At The New Ledger, Francis Cianfrocca analyzes the shifts currently happening in information technology and their potential ramifications on the rest of our lives. He writes:
What happens in the traditional economy? It’s still going to be just as capital-constrained as ever. Information is going to start moving faster, more fluidly, and less expensively than ordinary physical transport. As much as Americans have a car-loving culture, we’re going to start driving less and being less mobile overall. Nothing, but nothing, could be more wasteful and useless than the massive infrastructure investments that Democrats push as the salvation of the economy.
Ironically, food production and distribution will start getting more difficult as everything else gets easier. Artisan farming, particularly in proximity to large cities, will make a comeback.
Cianfrocca doesn't go all the way toward predicting the return of agrarianism, of course. Decreased mobility doesn't mean agrarianism per se, nor does the rise of artisan foods as a response to higher food prices. And I suspect such steps won't eliminate the need for corporate farming altogether.
But the reduced mobility of this new economy strikes me as a middle way between the Front Porchers and the PoMoCons.

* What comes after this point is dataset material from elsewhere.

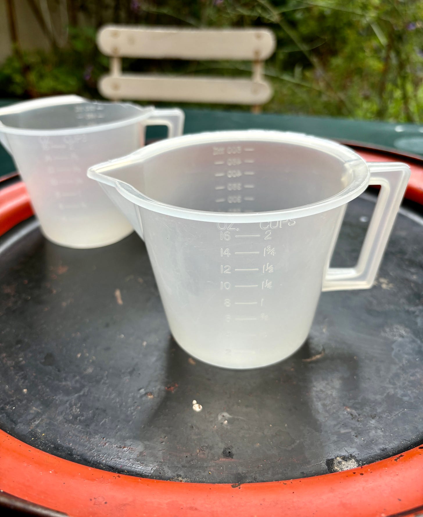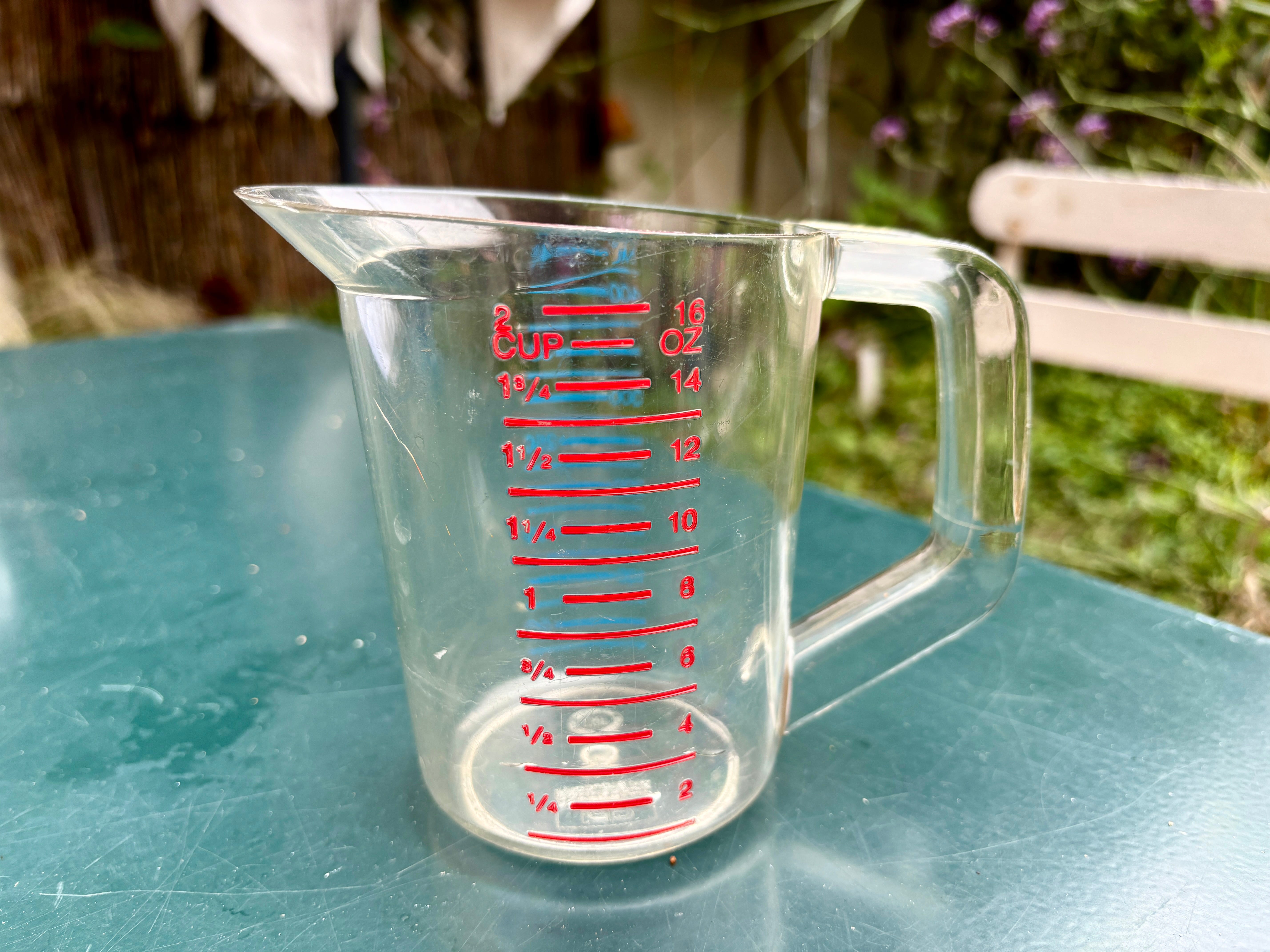 So when I was in the U.S. a few months ago, I replaced my faded measuring cup with a new one, a sparkling clean Pyrex measuring cup.

Technological advances like telecommuting allow members of society to return their homes to economic centers. Those who enjoy that luxury--and their tribe is increasing rapidly--happily enjoy the fruits of modernity, contribute to global companies, and do it from their living rooms.
There's more to the debate than that, of course. There are questions about the nature of work and about the sustainability of the contemporary economy.
But in this case, the consumer economy (with respect to technology) has stepped in to push new solutions to the problems created by corporations forward. Cianfrocca's point about how much consumers know about IP addresses, etc. is an interesting one: the movement toward connectivity hasn't been lead by corporate America.
And it turns out that our consumption of technology favors localist ties, not the sort of international connections that we all presumed they would bring about. The largest social network in the world is the one that depends upon, and deepens, the ties we have to our local communities. As the technology improves, people realize they can spend more time at home with their families, a good that would have been impossible before.
A technocracy creates enormous problems, then perpetuates itself by setting about solving them. And there is always a middle ground, where the problems are so numerous and weighty that they endanger the health of the system. But if Cianfrocca is right, the troubles that have driven the Front Porchers to look for new solutions may be mitigated by the source of those troubles themselves.
Such is the inescapable double-edged sword of technology, and of living in a technocracy.
Update: Francis sends over this brief response.
Wendell Berry comes up often enough that I ought to learn something about him.
I'm totally torn on one point. Does the information economy mean that everyone will migrate to large cities (a movement that does seem to be in effect in many parts of the world)? Or does it make it possible for so many people to work at home that they'll spread out more than ever?
But the rise of the information economy may be an effect rather than a cause. The cause could be the capital starvation that now has the world firmly in its grip almost everywhere but China. That's why mobility will decrease: because we don't produce enough value and we don't generate enough energy to make transport as efficient as it has been in the past. The information economy grows up as a substitute for a goods-based economy.
This interpretation would be confirmed if the movement to cities continues.